**Problem to solve:** Take the line containing "11月6日,浙江省保安协会成" through the last line of the data and retype those lines exactly. Pictures do not belong in the copy.

**Data items:**
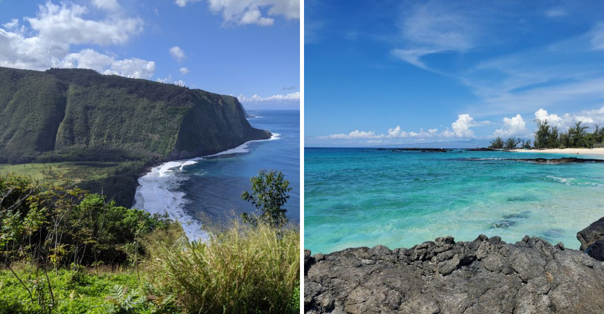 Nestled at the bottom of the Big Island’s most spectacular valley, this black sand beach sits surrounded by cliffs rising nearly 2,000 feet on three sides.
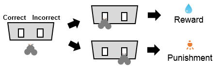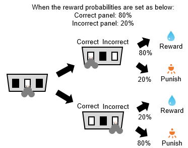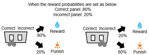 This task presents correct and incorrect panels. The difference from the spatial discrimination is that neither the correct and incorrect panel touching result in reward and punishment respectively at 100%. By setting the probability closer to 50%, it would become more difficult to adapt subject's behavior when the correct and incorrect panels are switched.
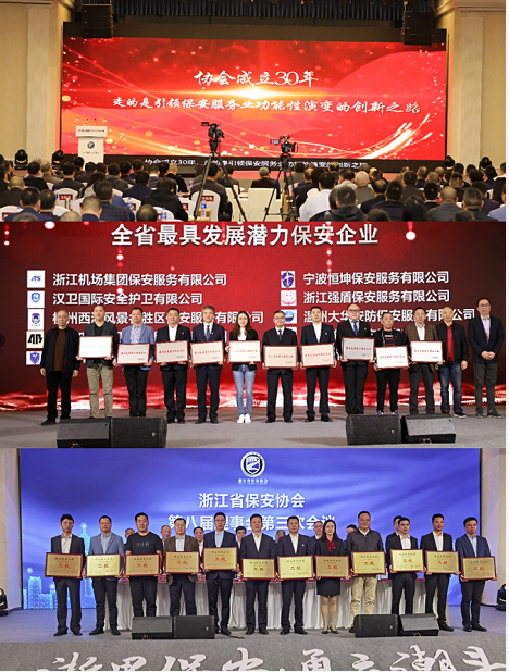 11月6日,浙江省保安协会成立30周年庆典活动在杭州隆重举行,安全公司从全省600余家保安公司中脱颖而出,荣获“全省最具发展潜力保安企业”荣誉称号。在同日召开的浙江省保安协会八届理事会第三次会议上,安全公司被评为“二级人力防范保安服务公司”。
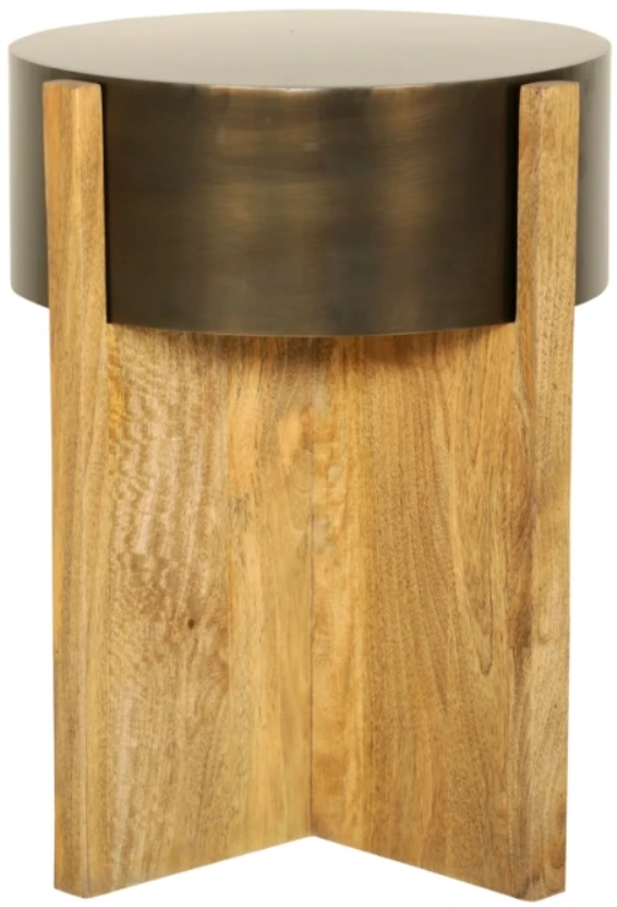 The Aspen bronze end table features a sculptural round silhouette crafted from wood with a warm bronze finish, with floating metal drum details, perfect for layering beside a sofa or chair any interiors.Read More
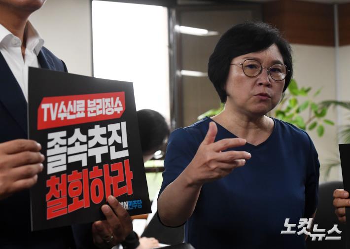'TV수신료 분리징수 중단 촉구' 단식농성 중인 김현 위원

**Task response:**
 11月6日,浙江省保安协会成立30周年庆典活动在杭州隆重举行,安全公司从全省600余家保安公司中脱颖而出,荣获“全省最具发展潜力保安企业”荣誉称号。在同日召开的浙江省保安协会八届理事会第三次会议上,安全公司被评为“二级人力防范保安服务公司”。
 The Aspen bronze end table features a sculptural round silhouette crafted from wood with a warm bronze finish, with floating metal drum details, perfect for layering beside a sofa or chair any interiors.Read More
'TV수신료 분리징수 중단 촉구' 단식농성 중인 김현 위원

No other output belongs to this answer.